Bank Customer Churn Analysis | Case Study
__________________________________________________________________________________________________________________________________________Project Overview
This project analyzes customer churn for a commercial bank to identify high-risk customers, uncover key drivers of attrition, and recommend targeted retention strategies.The analysis follows an end-to-end data analytics workflow, starting from raw data ingestion and cleaning, exploratory data analysis, and ending with interactive Power BI dashboards designed for executives and business stakeholders.
The final output consists of three dashboards:
- Executive Overview
- Risk Segmentation
- Retention Action & Intervention
Business Problem
The bank is experiencing a significant customer churn rate (~20%), leading to:
- Loss of recurring revenue
- High-value customers leaving without early warning
- Inefficient, untargeted retention campaigns
The bank lacks visibility into:
- Which customer segments are most likely to churn?
- How churn varies by geography, age, balance, credit score, and tenure?
- Which customers should be prioritized for immediate retention actions?
Business Goal
The primary goals of this project were to:
- Quantify overall churn and financial risk
- Identify high-risk customer segments and churn drivers
- Estimate revenue at risk due to churn
- Enable proactive, targeted retention strategies
- Provide executives with clear, actionable insights through dashboards
- Data Ingestion & Cleaning (Python)
- Handled missing values and inconsistencies
- Created derived features (age groups, balance ranges, tenure groups, credit score bands)
- Ensured data quality for downstream analysis
- Exploratory Data Analysis (SQL)
- Calculated churn rates across multiple dimensions
- Analyzed relationships between churn and customer behavior
- Identified early patterns and risk indicators
- Visualization & Storytelling (Power BI)
- Built interactive dashboards with filters
- Designed executive-friendly KPIs
- Translated analysis into actionable insights
Data Workflow
- Python: Pandas, Numpy, Matplotlib, Seaborn
- SQL: Exploratory data analysis and metric calculations
- Power BI: Calculated fields, Data modeling, DAX measures, dashboard design
- Excel/CSV: Data storage and validation
Skills Used
Dashboard 1:

Key Insights
- Overall churn rate is 20.4%, representing 2,037 customers lost
- Germany has the highest churn rate (32.4%), significantly above France and Spain
- Customers aged 46–55 show the highest churn risk (50.6%)
- Inactive members churn almost 2× more than active members
- Female customers show higher churn than male customers
- Over $764.9M in total balance is exposed, with $206.7M potential revenue impact
Recommendations
- Prioritize churn reduction initiatives in the German market
- Launch reactivation campaigns for inactive customers
- Develop age-specific retention programs for customers aged 46–55
- Improve engagement strategies for customers before they become inactive
Dashboard 2:

Key Insights
- Age 50+ customers have a churn rate of 45.4% (Critical Risk)

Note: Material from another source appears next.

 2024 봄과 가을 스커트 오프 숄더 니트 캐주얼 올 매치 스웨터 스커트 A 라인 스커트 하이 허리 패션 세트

- High-balance inactive customers represent large financial exposure despite smaller volumes
- Customers with low credit scores (less than 500) show consistently higher churn
- Single-product customers churn more than multi-product customers
- Balance distribution shows churn peaking in low-balance and very high-balance segments
- Short-tenure customers (0–2 years) are more vulnerable to churn
Recommendations
- Introduce loyalty incentives for high-balance inactive customers
- Upsell single-product customers to multi-product bundles
- Implement early engagement programs during the first 2 years
- Monitor low-credit-score customers more closely with proactive offers
🔹 Dashboard 3:

Key Insights
- 2,037 customers classified as high-risk (risk score ≥70)

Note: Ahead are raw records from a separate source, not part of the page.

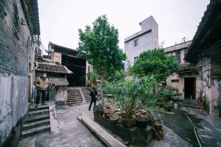 此處為張氏族人聚居地,原名“木荊岡”。據(jù)說,從宋代起,張氏就在此生活,到晚清,張氏在此營建的建筑面積達(dá)三萬平方米。這片規(guī)模宏大的建筑順著木荊崗的山勢(shì)、由南至北分布,分為張氏宗祠、將軍第、桃園三大部分。以張氏宗祠為中心的建筑群,是張氏族人的最早居住地,一旁的將軍第為清代道咸年間大鵬協(xié)臺(tái)、代理虎門水師提督張玉堂的住宅。將軍第旁,則為桃園,為張玉堂之孫張靖山所筑。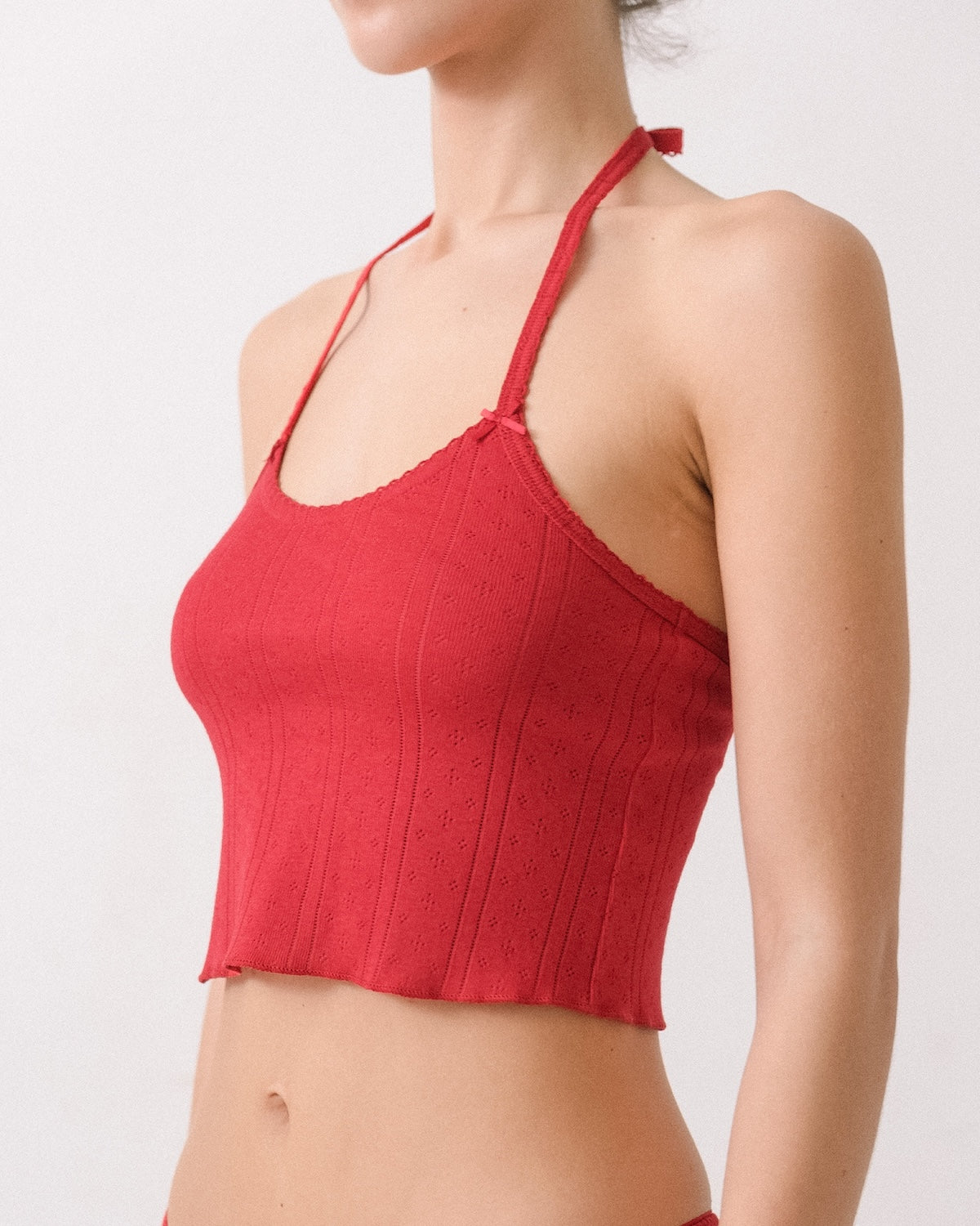 Featuring a crop fit, tie-back & delicate picot-trim detailing.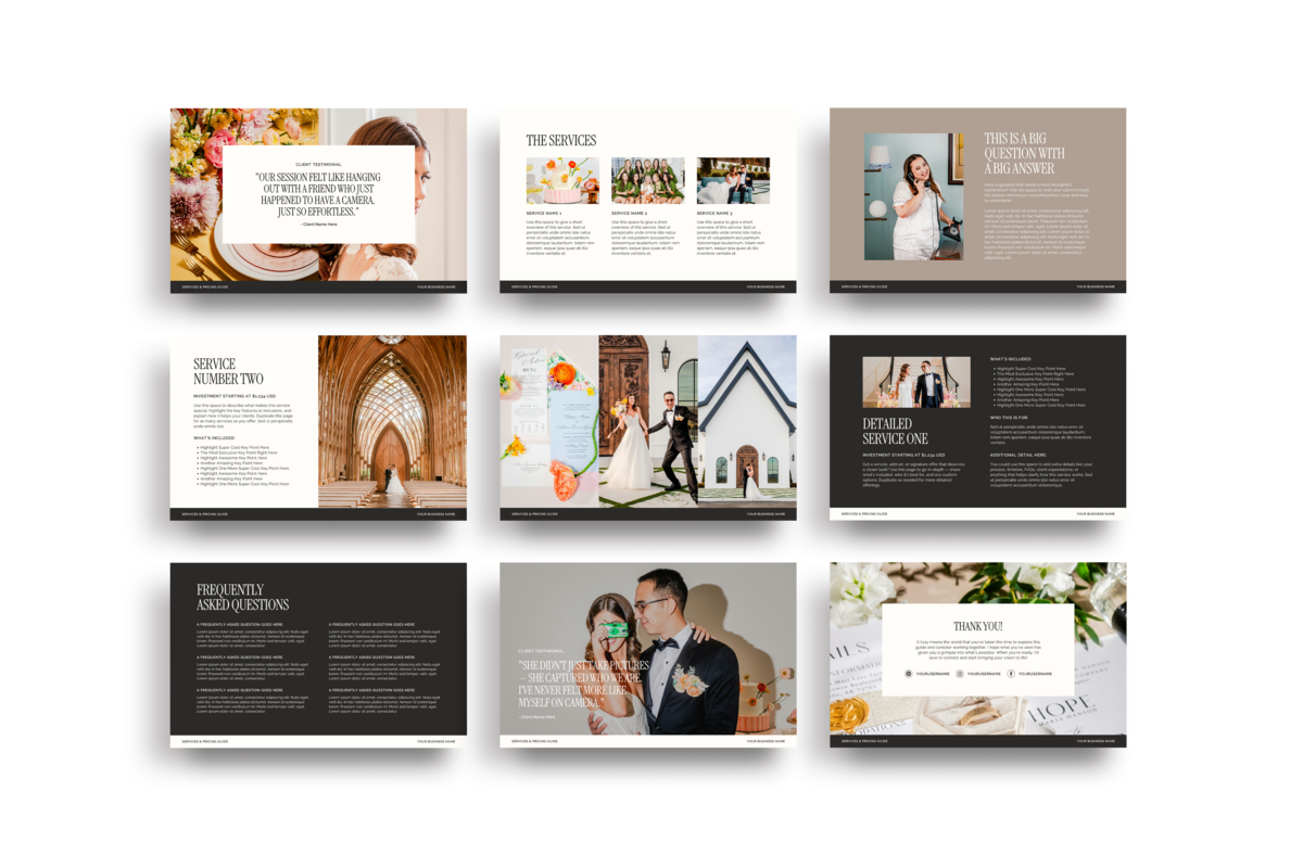 A Pricing & Services Guide bridges the gap between curiosity and commitment by presenting your offerings in a polished document that clients can save, print, and share with partners or other decision-makers. When used alongside our website templates, it creates a cohesive, elevated journey from first click to final contract. It’s also a great option if you prefer to reserve certain pricing and process details only with serious leads. This way, you maintain a high-touch brand experience while ensuring the inquiries that reach you are informed, aligned, and ready to say yes.

- $185.6M in balance currently at risk
- Estimated 24% potential save rate, aligned with industry benchmarks
- Top churn risk drivers include:
- Inactivity
- High balance
- Single product ownership
- Germany Region
- A small group of customers represents disproportionately high revenue risk
Recommendations
- Proactive outreach to top 25 highest-risk customers
- Deploy dedicated retention teams for Germany
- Re-engagement campaigns targeting inactive high-balance customers
Immediate Actions (0–30 days):
- Implement predictive churn scoring in CRM systems
- Expand product bundling to increase customer stickiness
- Design personalized retention programs by age group and tenure
Long-Term Strategy (30–90 days):
Next Steps
- Build a Churn Prediction Model (Logistic Regression / XGBoost).
- Automate dashboards with monthly refreshes from the bank’s CRM.
- Combine with CSAT/NPS data for a 360° customer view.
- Deploy predictive alerts for high-risk customers via email or app notifications.